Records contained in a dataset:
»»

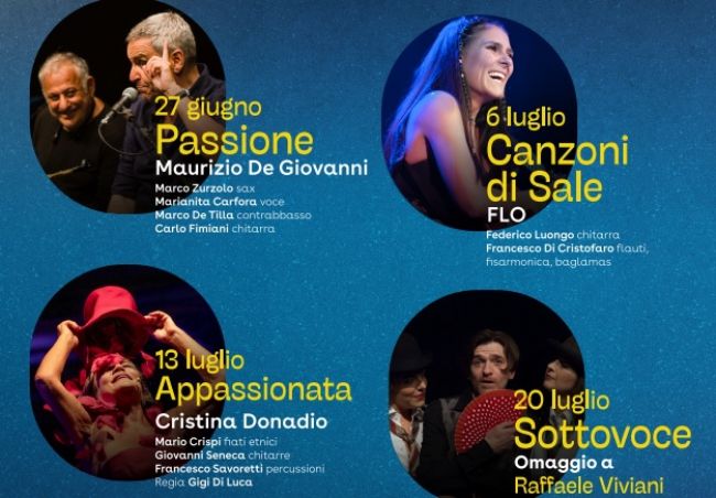 Le serate in cortile - con inizio alle ore 20,00 e ad ingresso libero fino ad esaurimento dei duecento posti disponibili - prenderanno il via, sotto la direzione artistica di Gigi Di Luca, il prossimo 27 giugno. Ad inaugurare la rassegna sarà "Passione", l'esibizione di Marco Zurzolo e Maurizio De Giovanni. Giovedì 6 luglio sarà la volta invece del concerto della cantautrice Flo con "Canzoni di Sale". Quindi, nuovo appuntamento il 13 luglio con lo spettacolo "Appassionata", che vedrà protagonista l'attrice Cristina Donadio. Concluderà la rassegna "Sottovoce", il 20 luglio, un omaggio a Raffaele Viviani di e con Ernesto Lama.
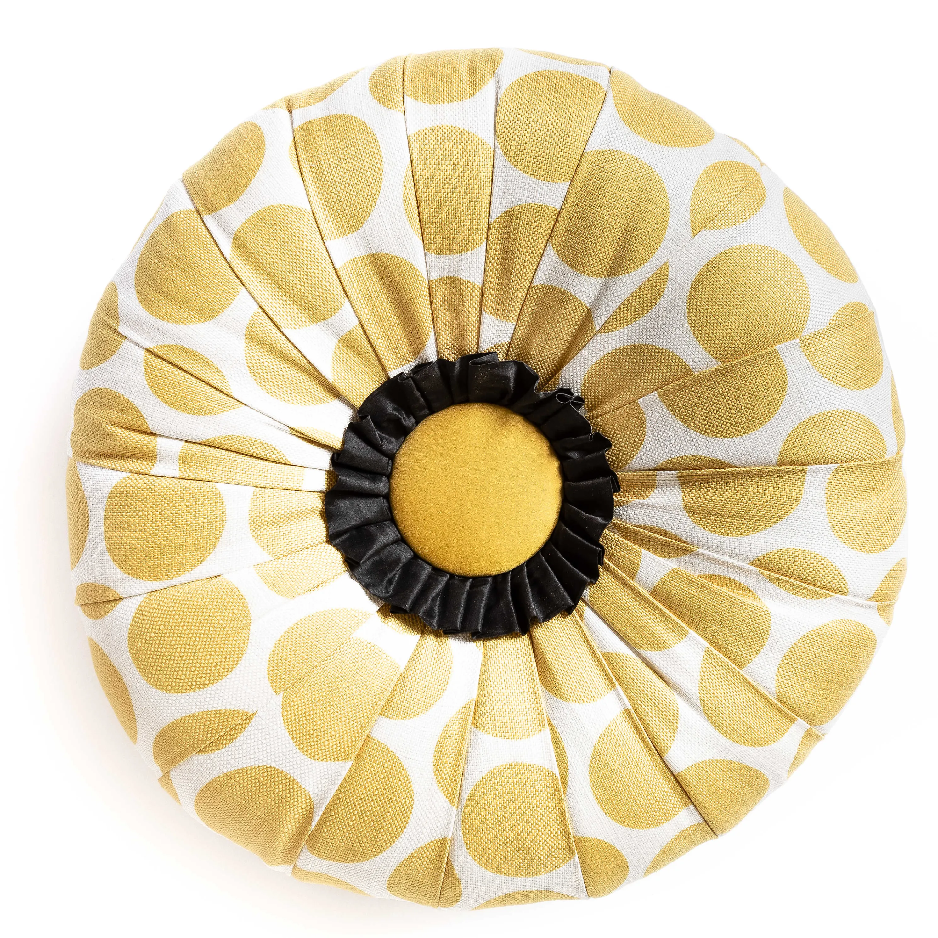 Created Top To Bottom By Our Artisans In Aurora, New York, The Buttercup Spot On Tuffet Is Upholstered In Bold Buttercup Dots, Accented With A Fabric-Covered Button Outlined With A Pleated Ribbon Ruff In Its Center, And Trimmed With Threaded Ball Fringe. This Playful Perch Sits On Four Handmade, Hand-Glazed Majolica Legs, Hand-Painted With Black And Buttercup Dots.
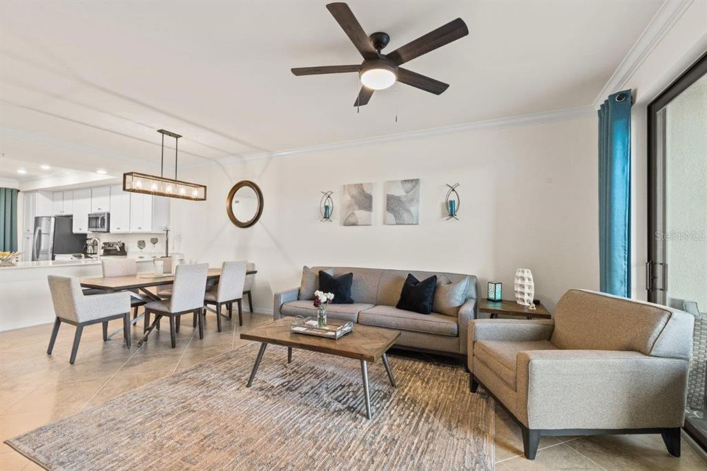 Split Bedroom Walk-In Closet(s)Ceiling Fan(s) High Ceilings Living Room/Dining Room Combo Stone Counters Thermostat Open Floorplan Solid Wood CabinetsCrown Molding Primary Bedroom Main FloorExterior Features:
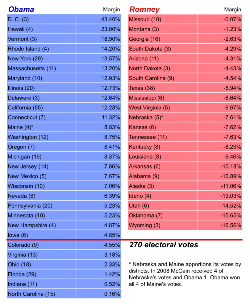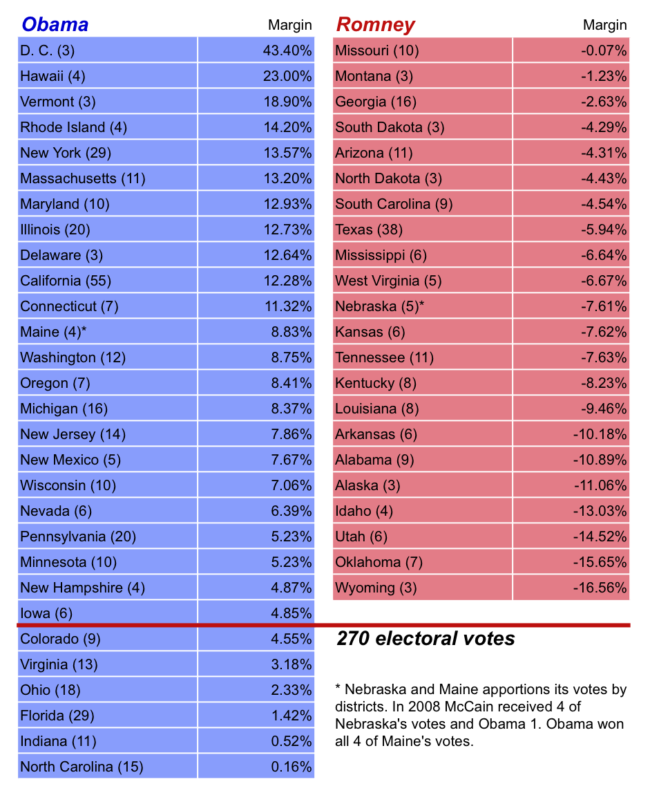 Romney needs a 4.55% swing compared to the 2008 result to win the necessary 270 electoral votes to win. The key states will be North Carolina, Indiana, Florida, Ohio, Virginia and Colorado. That said, if Romney can win Pennsylvania, with its 20 votes, that will change the calculus considerably.
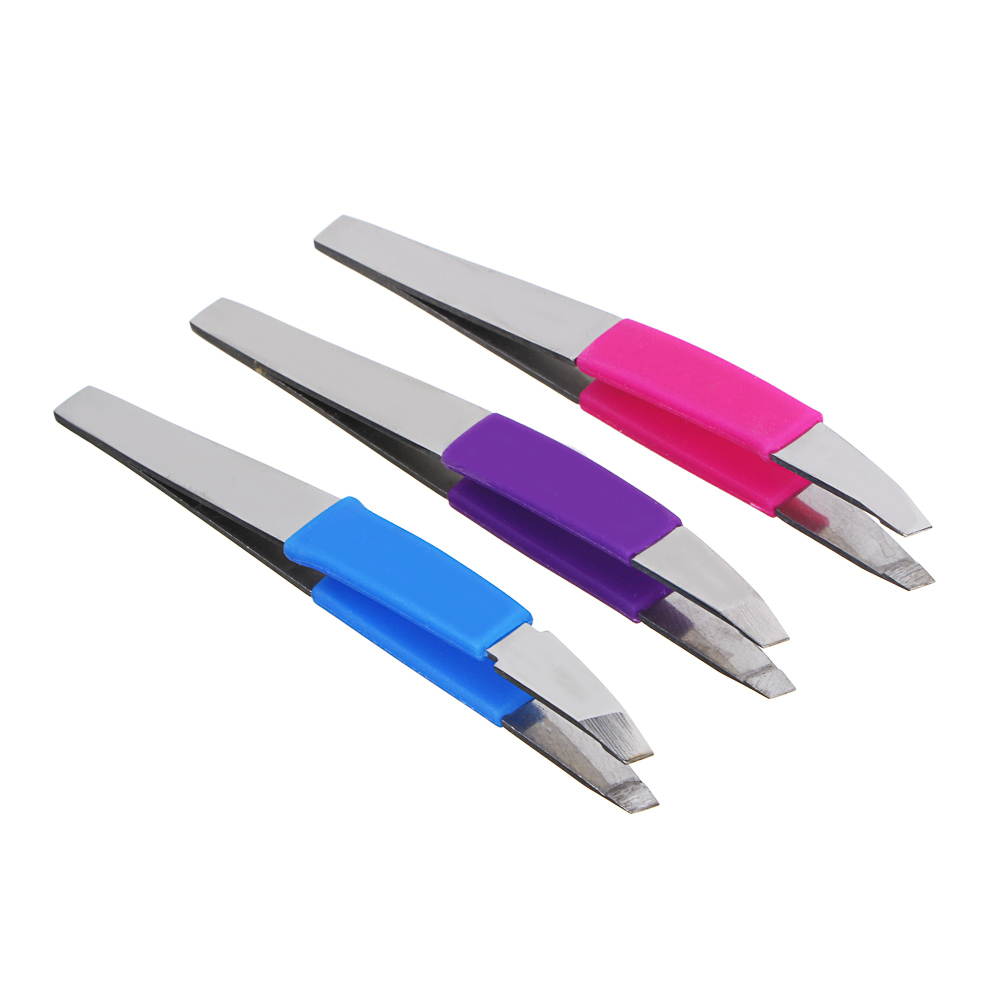 ЮНИLOOK Пинцет для бровей с силиконовыми держателями, нерж.сталь, 9,3см, 3 цвета
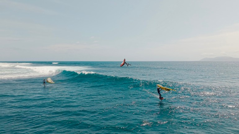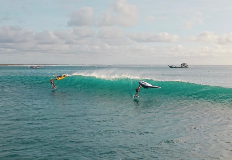More exploration, the reefscape around us set up some fun surfing, towing and light-wind winging.
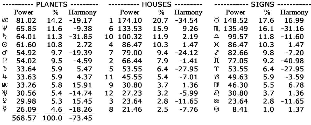 His chart's astrodyne report

««

What to do >> Here the job is to print all the entries above exactly, minus the images.

Your response >>
 Le serate in cortile - con inizio alle ore 20,00 e ad ingresso libero fino ad esaurimento dei duecento posti disponibili - prenderanno il via, sotto la direzione artistica di Gigi Di Luca, il prossimo 27 giugno. Ad inaugurare la rassegna sarà "Passione", l'esibizione di Marco Zurzolo e Maurizio De Giovanni. Giovedì 6 luglio sarà la volta invece del concerto della cantautrice Flo con "Canzoni di Sale". Quindi, nuovo appuntamento il 13 luglio con lo spettacolo "Appassionata", che vedrà protagonista l'attrice Cristina Donadio. Concluderà la rassegna "Sottovoce", il 20 luglio, un omaggio a Raffaele Viviani di e con Ernesto Lama.
 Created Top To Bottom By Our Artisans In Aurora, New York, The Buttercup Spot On Tuffet Is Upholstered In Bold Buttercup Dots, Accented With A Fabric-Covered Button Outlined With A Pleated Ribbon Ruff In Its Center, And Trimmed With Threaded Ball Fringe. This Playful Perch Sits On Four Handmade, Hand-Glazed Majolica Legs, Hand-Painted With Black And Buttercup Dots.
 Split Bedroom Walk-In Closet(s)Ceiling Fan(s) High Ceilings Living Room/Dining Room Combo Stone Counters Thermostat Open Floorplan Solid Wood CabinetsCrown Molding Primary Bedroom Main FloorExterior Features:
 Romney needs a 4.55% swing compared to the 2008 result to win the necessary 270 electoral votes to win. The key states will be North Carolina, Indiana, Florida, Ohio, Virginia and Colorado. That said, if Romney can win Pennsylvania, with its 20 votes, that will change the calculus considerably.
 ЮНИLOOK Пинцет для бровей с силиконовыми держателями, нерж.сталь, 9,3см, 3 цвета
More exploration, the reefscape around us set up some fun surfing, towing and light-wind winging.
 His chart's astrodyne report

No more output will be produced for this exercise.